I like stupid movies. Considering Ted's box office success, chances are so do you. Still, that's not always an easy thing for me to confess. Besides being stupid, these movies are often condemned as artistically vapid, crude, violent, misogynistic endorsements of irresponsible and materialistic lifestyles whose bad influences seep in while our mental guards are down. I tend to socialize with people who think like this. It may have something to do with the fact that besides liking stupid movies, I also like studying philosophy and writing poetry.
On the other hand, many of the brightest people I know like, and admit to liking, stupid movies too, which compliments the reign of stupid movies in Hollywood. Crass, lowbrow, gross-out (whatever you call it) humor is all about the forbidden thrill of mixing the supposedly profane with the supposedly lofty -- so along with liking our comedians streaking, swearing and exploring bodily fluids, comes an admiration for the type of apologetic honesty that acknowledges no amount of higher education necessarily makes frat boy antics less funny.
But that frames the fun of jumping between meaningful and juvenile as just that -- a jumping between worlds. Instead of high and low culture, we talk about art v.s. entertainment. Stupid movies are ok because, well, they're stupid. They let us turn our brains off and escape -- an essential activity (in controlled doses) or we'd burn out before anything of actual importance or beauty has been produced. It's as if we're allowed to like stupid movies, and keep our sophistication intact, only if we admit they're, as Mark Wahlberg's character says in Ted about Flash Gordon, "so bad but so good."
This, however, isn't what I mean when I say I like stupid movies. I mean I like them. In fact, between the harmless fluff excuse and dangerous influence assessment, I actually prefer the latter. It at least takes these movies seriously.
The philosopher Stanley Cavell argues that old Hollywood films, melodramas and screwball comedies which were often dismissed as a different generation's fluff, were actually wrestling with the most challenging and pressing concerns of their day, most importantly the ability, or inability, to find one's place in the world after traditional social norms and moral absolutes no longer provided easy answers.
For Cavell, marriage is the big metaphor. He specifically groups together a bunch of movies he calls the "comedies of remarriage" characterized by the main couple rekindling their love for each other rather than falling in love for the first time.
Remarriage is standing in for community building in general. It represents the struggle to form secure social bonds founded solely on the mutual recognition that such bonds are only secure because of the ability of those involved to recognize each other and rely upon the other for this security. In other words, a good remarriage means the characters have shed the illusions from their first marriage about what a husband or a wife should be and have found in each other the strength and support to redefine those terms in new, more personal and less predictable ways.

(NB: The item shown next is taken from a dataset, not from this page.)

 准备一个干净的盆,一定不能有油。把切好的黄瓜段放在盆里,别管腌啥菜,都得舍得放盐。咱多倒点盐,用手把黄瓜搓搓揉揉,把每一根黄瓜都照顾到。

Now flash forward a couple of vital decades full of social revolution and upheaval. Cary Grant has made way for Will Ferrell, Frank Capra for Judd Apatow, screwballs for gross-outs. And marriage for... marriage. The Hangover franchise, Bridesmaids, Wedding Crashers and now Ted are the five top grossing R-rated comedies of the last decade -- and they all revolve around the who, when, why and at-what-cost of marriage.

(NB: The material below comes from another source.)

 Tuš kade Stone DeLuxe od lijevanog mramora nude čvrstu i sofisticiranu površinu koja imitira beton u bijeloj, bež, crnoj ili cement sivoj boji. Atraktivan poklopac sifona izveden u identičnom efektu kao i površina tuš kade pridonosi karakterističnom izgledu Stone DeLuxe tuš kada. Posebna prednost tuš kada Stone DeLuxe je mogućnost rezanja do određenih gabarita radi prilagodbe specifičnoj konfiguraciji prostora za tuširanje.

Compare this to the great godfather of gross-outs -- 1978's Animal House -- and it's clear the genre has evolved in unexpected directions. Animal House ends (spoiler alert, but if you haven't seen the movie yet, you deserve it) with the destruction of everything institutionalized. The good guys drive the deathmobile. The bad guys are trapped by their own hypocrisy, screaming "All is well," when it really isn't, or being scooped up by a giant black hand severed from a giant white one. In Cavellian terms, what's going on is a messy, messy divorce. Divorce features literally too, as Boon and Katy's fate.
So how did we end up back at marriage (if we don't want to write it off as selling out)? For one, it's not a perfect retreat. Except for maybe Ted, the modern movies are not remarriage comedies. Remarriage comedies begin with people who think they know exactly what it means to be responsible adults until that falls apart and they have to face the really frightening aspects of adulthood and the truth behind actual responsibility: freedom -- the burden of choosing a life when none is forced on you and none is deemed objectively better than any other.
That life doesn't come with a manual, however, is something my generation seems to know well. We've seen Animal House. The problem is, what do you do with yourself once you've seen it -- except watch it again and again and again until suddenly you're 35 and bailing on your minimum wage job to get high with your childhood teddy bear?
This isn't the result of simple immaturity. It's what results when the freedom gained in the breakdown of social norms is offset by the powerlessness of being left without a belief in society -- the society that would create the space to actualize that life you've finally decided it's ok to want.
When that happens, what's left is still freedom but it's the freedom of childhood, the freedom, at best, to wish and imagine and make trouble so inconsequential it's laughable. How from this point do you even start? How can you get remarried when you can't even get married? These are the question these movies are tackling.
I'm not saying they manage the most intelligent or nuanced treatments of it (superhero movies may be doing a better job, but that's a post for after this weekend). And sometimes, as with Ted, they're less successful than they could be at taking this question somewhere new. But it's still a good question.